Michelle Cummings was a "football mama," her friends said.
She stood by her son as he strove athletically and academically, guiding him from Houston to one of the most coveted placements in the nation: the U.S. Naval Academy in Annapolis.
She cheered him on from the sidelines, traveled with him to Rhode Island for a year of prep school and went to Annapolis to celebrate his induction Wednesday into the Academy as a plebe.
But hours before that moment came, a stray bullet prevented her from seeing it. Cummings, 57, was killed as she sat on the patio of a hotel on West Street in downtown Annapolis.
Annapolis Police Chief Edward Jackson said officers are pursuing leads in the case. The Federal Bureau of Investigation and the Bureau of Alcohol, Tobacco, Firearms and Explosives offered a $20,000 reward for information.
Jackson said two people were sitting in an SUV near the hotel when the shooting occurred, with bullets striking the vehicle and Cummings. Jackson said the people sitting in the vehicle, who have been interviewed by police, were not injured.
Authorities were reviewing surveillance footage from "all over the city," Jackson said, and interviewing witnesses. He said he had spoken to Cummings's son, identified by the Naval Academy as Midshipman Candidate Leonard Cummings III, and encouraged him to continue at the school to honor his mother.
"She raised you. She nurtured you," Jackson said. "The best way to honor her legacy is go forward with your education. . . . Don't let a criminal stop you."
Cummings III could not be reached for comment. In an email Thursday, the Naval Academy's Office of Public Affairs said he had "completed his check-in process yesterday and has departed on emergency leave to tend to family affairs."
Maryland Gov. Larry Hogan, R, said Thursday he spoke with Cummings's family and "extended our heartfelt condolences for their tragic loss." The state added an additional $10,000 to the reward money, said Hogan, who pledged the support of state law enforcement agencies.
Micah Jordan, Cummings's brother, said she was "like my sister, my best friend and my mom all wrapped in one." A computer systems analyst, she raised two children while remaining active in community and church groups, he said.
"They say, 'Don't ask God why,' " he said. "But why did something like this happen to a person as nice, sweet and fun-loving as she was? It's just devastating."
As Michelle's family mourned, the Navy football community stepped up to do what it could.
Veranna Phillips, who started an online fundraising campaign for the family, said she met Michelle when her son also committed to play for Navy.
Both boys were from Texas and played offense, she said, and both attended the Naval Academy Preparatory School last year in Newport, R.I. As their families navigated the on-ramp into the academy amid the coronavirus pandemic, Phillips and Cummings stayed in touch by phone.
Phillips said Cummings's death was "a loss for me, but also a loss for the whole community of Navy football."
"It's like we all lost a saintly woman," she said. "Somebody that's genuinely good and trying to do the right thing. That was Michelle."
Erica Daniel, another family friend, said Cummings was a "supermother who never sat on the back row."
"She was one of those mothers you admire because she got all this stuff done and I still don't know — she just got the job done," she said.
Daniel and Cummings, who both attended Southern University and A&M College in Baton Rouge, met more than two decades ago through their husbands. With sons around the same age, the couples remained close for years, vacationing together and watching their children grow. When Daniel's husband died of cancer in 2014, Cummings was there to support her.
Her son's entry into the Naval Academy was a "big milestone" for Cummings, Daniel said. Having worked hard for years to launch her son onto the right path, Daniel said, Cummings could turn that energy to her own life. Now, that life is over.

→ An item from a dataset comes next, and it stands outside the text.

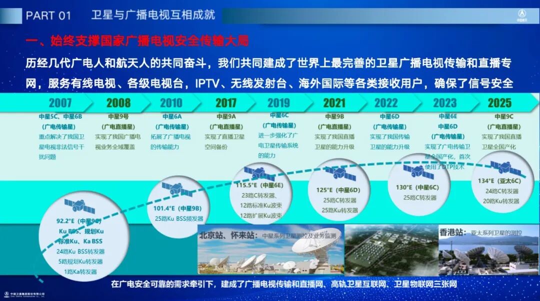 在广电卫星全国产化领域,中国卫通已实现跨越式发展。自“十三五”初期全面启动基于国产东方红四号增强型平台的第二代广电传输和直播卫星升级替代工程以来,“十四五”期间成功发射中星9B、中星6D、中星6E、中星9C等系列国产卫星,实现我国广播电视通信卫星整体资源国产化替代,星上核心元器件实现自主可控,打破了国外技术垄断,筑牢了国家广电安全播出的空间基石。其中,中星9C卫星全面接替引进的中星9号卫星,中星6E卫星成功接替中星6B卫星,与其他在轨国产卫星共同构成“4+2”广电专用卫星体系,卫星载荷能力持续提升,性能、寿命达到同类产品世界先进水平,不仅为广电直播和传输业务提供了稳定可靠的空间支撑,更为4K超高清频道实现全国覆盖提供了支持和保障,助力国家广播电视总局“推动超高清端到端全链条发展”工作落地见效。

"The person you could be — your opportunity post-children — she was about to engage in that season," Daniel said. "I saw it as such a tragedy."
Jordan, Michelle's brother, said her son's oath at the academy was her chance to say, "Hey, this is what I've given the world."
She never got to see the oath, but her son can carry her legacy.
"I know his dad won't let him stop," he said. "I'm not going to let him stop ... That's the way she would want it."